TRY IT: Everything in the listing below except the pictures should be reproduced exactly.

RECORDED INFORMATION:

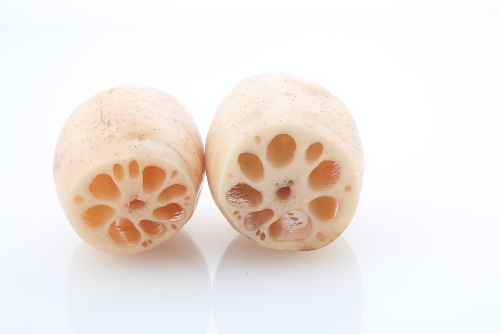 れんこんの穴の内側や表面、切り口に白い粉のような付着物が見られることがあります。これは、れんこんに含まれるでんぷんが表面に現れて固まることが原因で起こるため、食べても問題ありません。
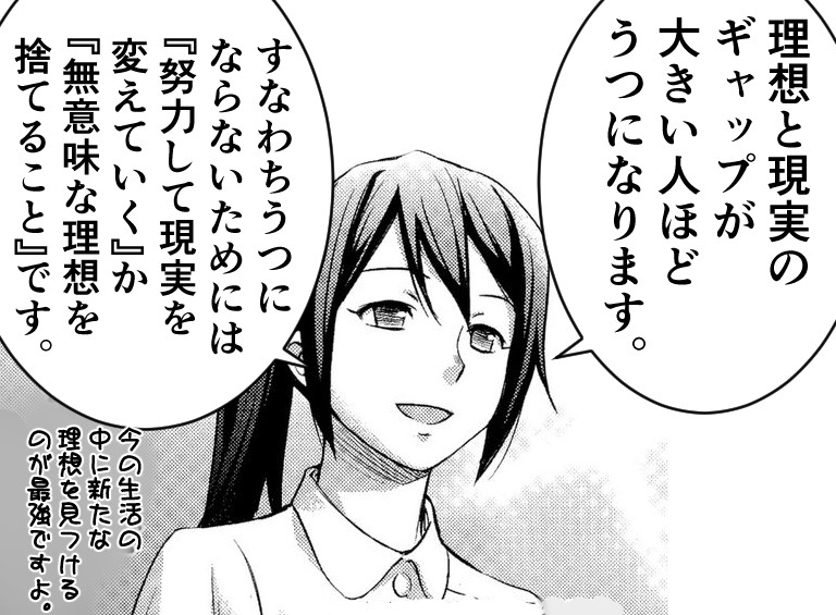 すなわち、うつになるかどうかは、今の自分の客観的な立場に関係なく、「理想とのギャップ」によって変わってくる、ということ。
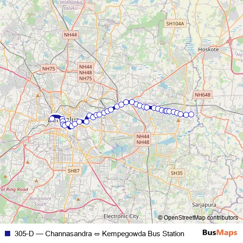 See why over 2 million users trust and consider busmaps.com as the best public transport website. busmaps gives you Bengaluru Buses suggested routes, real-time bus tracker, line route maps in Bengaluru, and helps to find the closest 305-D bus stops near you. No internet available? Download an offline PDF map and bus schedule for the 305-D bus to take on your trip.
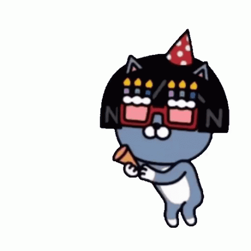 Neo from Kakao Friends celebrates a happy birthday, wearing a party hat and firing a confetti cannon.

FINISHED TASK:
 れんこんの穴の内側や表面、切り口に白い粉のような付着物が見られることがあります。これは、れんこんに含まれるでんぷんが表面に現れて固まることが原因で起こるため、食べても問題ありません。
 すなわち、うつになるかどうかは、今の自分の客観的な立場に関係なく、「理想とのギャップ」によって変わってくる、ということ。
 See why over 2 million users trust and consider busmaps.com as the best public transport website. busmaps gives you Bengaluru Buses suggested routes, real-time bus tracker, line route maps in Bengaluru, and helps to find the closest 305-D bus stops near you. No internet available? Download an offline PDF map and bus schedule for the 305-D bus to take on your trip.
 Neo from Kakao Friends celebrates a happy birthday, wearing a party hat and firing a confetti cannon.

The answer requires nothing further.